Die Auswertung zeigt, dass die zentralen Dimensionen von Arbeit wie sie im Konzept des Arbeitshandelns formuliert sind, geeignet sind, um bisher wenig beachtete Facetten der Tätigkeit von Eltern sichtbar zu machen. Die Ergebnisse der Auswertung geben im ersten Schritt einen strukturierenden Überblick über die vielfältigen Ausprägungen der zentralen Dimensionen der Arbeit von Eltern. Deutlich werden die hohen Anforderungen und die über alle Eltern hinweg gleichen anspruchsvollen Ziele, aber auch die Unterschiedlichkeit des Care-Handelns von Eltern wird deutlich.
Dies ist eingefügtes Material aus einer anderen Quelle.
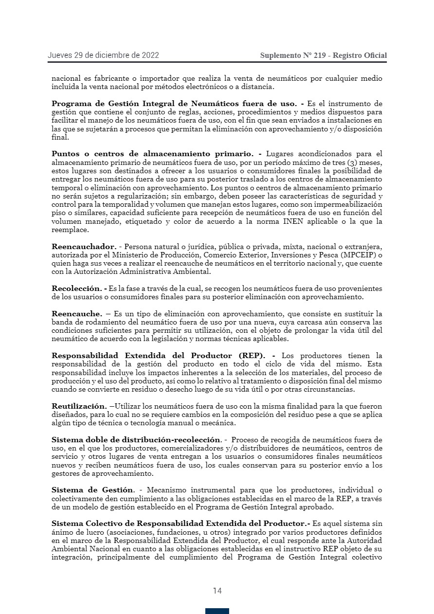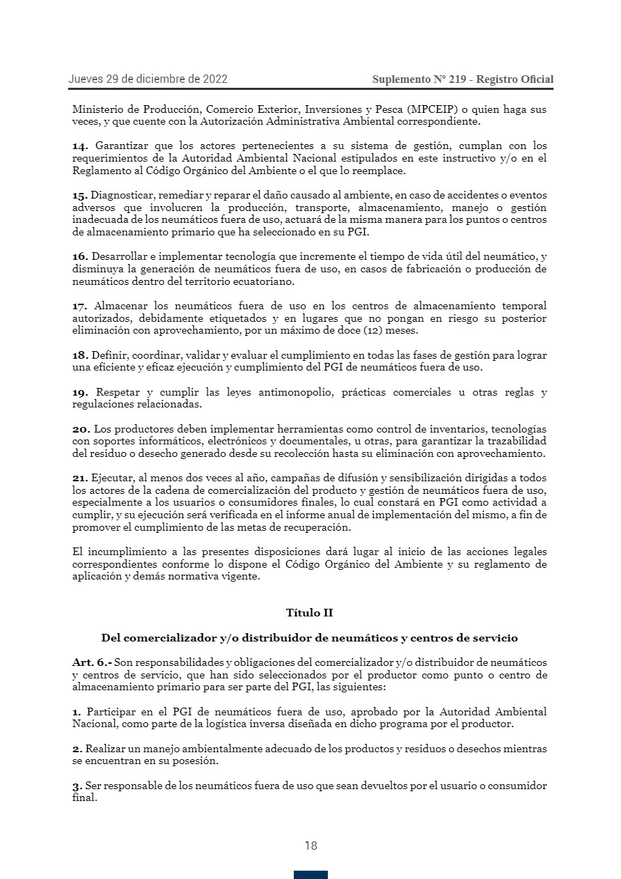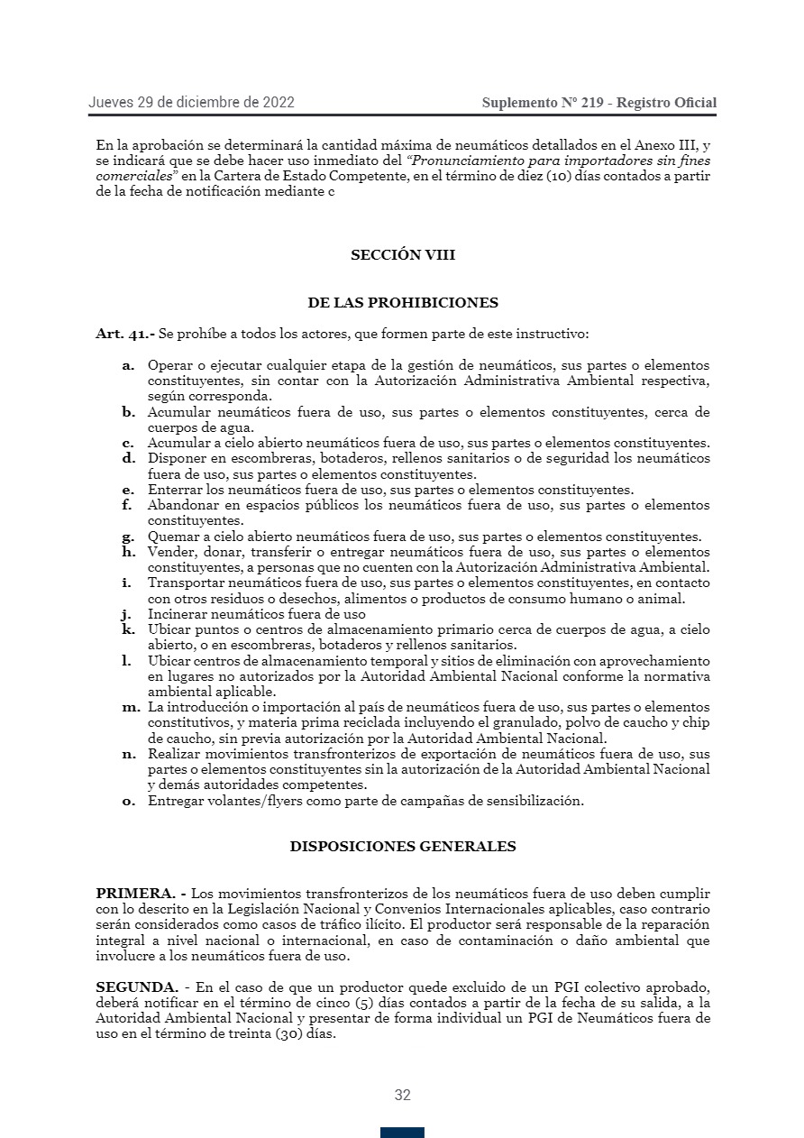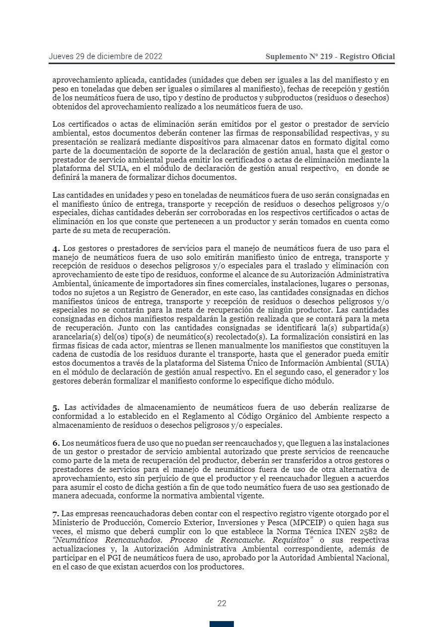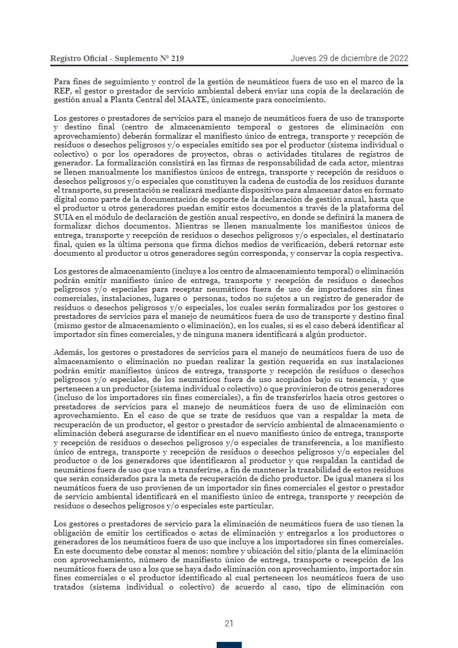 Documento que describe la gestión integral de los neumáticos fuera de uso (NFU)
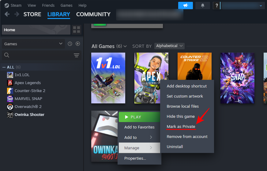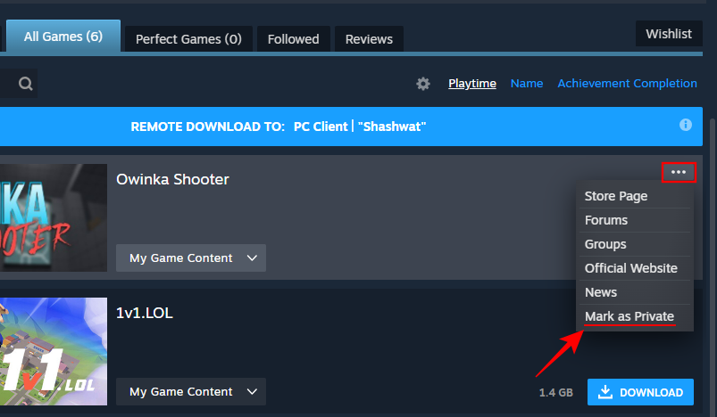 - 单击游戏旁边的三点图标,然后选择标记为私有。

Große Unterschiede bestehen im Hinblick auf erstens die Strukturierung der zur Verfügung stehenden Familienzeit, zweitens die realisierte zentrale Interaktionsform zur Einflussnahme auf die Kinder und drittens den Grad und die Qualität der realisierten Arbeitsteilung. Darüber hinaus zeigen die Ergebnisse eine große Bandbreite und Unterschiedlichkeit im Hinblick auf die eingesetzten Ressourcen, die empfundenen Belastungen, den Unterschied zwischen gefühlter Arbeit und Nicht-Arbeit und die Bewertungen des Lebens mit den Kindern. Im zweiten Schritt zeigen die Ergebnisse eine Care-Typologie von Eltern, die grundlegende Unterschiede im Care-Handeln herausarbeitet: Gemeinschaftsgestalter*Innen, Manager*innen und Tagesbezwinger*innen werden in ihrem Arbeitshandeln beschrieben und im Hinblick auf ihre sozio-ökonomischen Rahmenbedingungen verortet. Das Ergebnis zeigt, dass das jeweils realisierte Arbeitshandeln im Zusammenhang sowohl mit den sozio-ökonomischen Bedingungen als auch mit dem Aufmerksamkeitsbedarf des zu versorgendes Kindes steht.

Zielgruppe

Die Studie vermittelt Forscher*innen, Politiker*innen und allen anderen im Bereich der Familienarbeit Tätigen eine facettenreiche und strukturierte Beschreibung, wie Eltern heute in ihrer verbliebenen Familienzeit handeln (müssen). Sichtbar wird die Art und das Anforderungsprofil der familialen Care-Arbeit für Kinder sowie die Unterschiedlichkeit der Realisierung. Die Bedeutung der Studie liegt in der breiten und gleichzeitig tiefen sowie differenzierenden Analyse auf der Grundlage des arbeitssoziologischen Konzepts des Arbeitshandelns (Böhle 2010).

Veröffentlichungen:

  • Derboven, Wibke (2016): Macht aktive Elternschaft sozial ungleich? In: Carstensen, Tanja; Groß, Melanie; Schrader, Kathrin (Hg.) (2016): Care | Sex | Net | Work. Feministische Kämpfe und Kritiken der Gegenwart. Gabriele Winker zum 60. Geburtstag gewidmet. Münster: Unrast, S. 95-104.
  • Derboven, Wibke (im Erscheinen): Elternschaft als Arbeit. Familiales Care-Handeln für Kinder. Eine arbeitssoziologische Analyse. Bielefeld: transcript.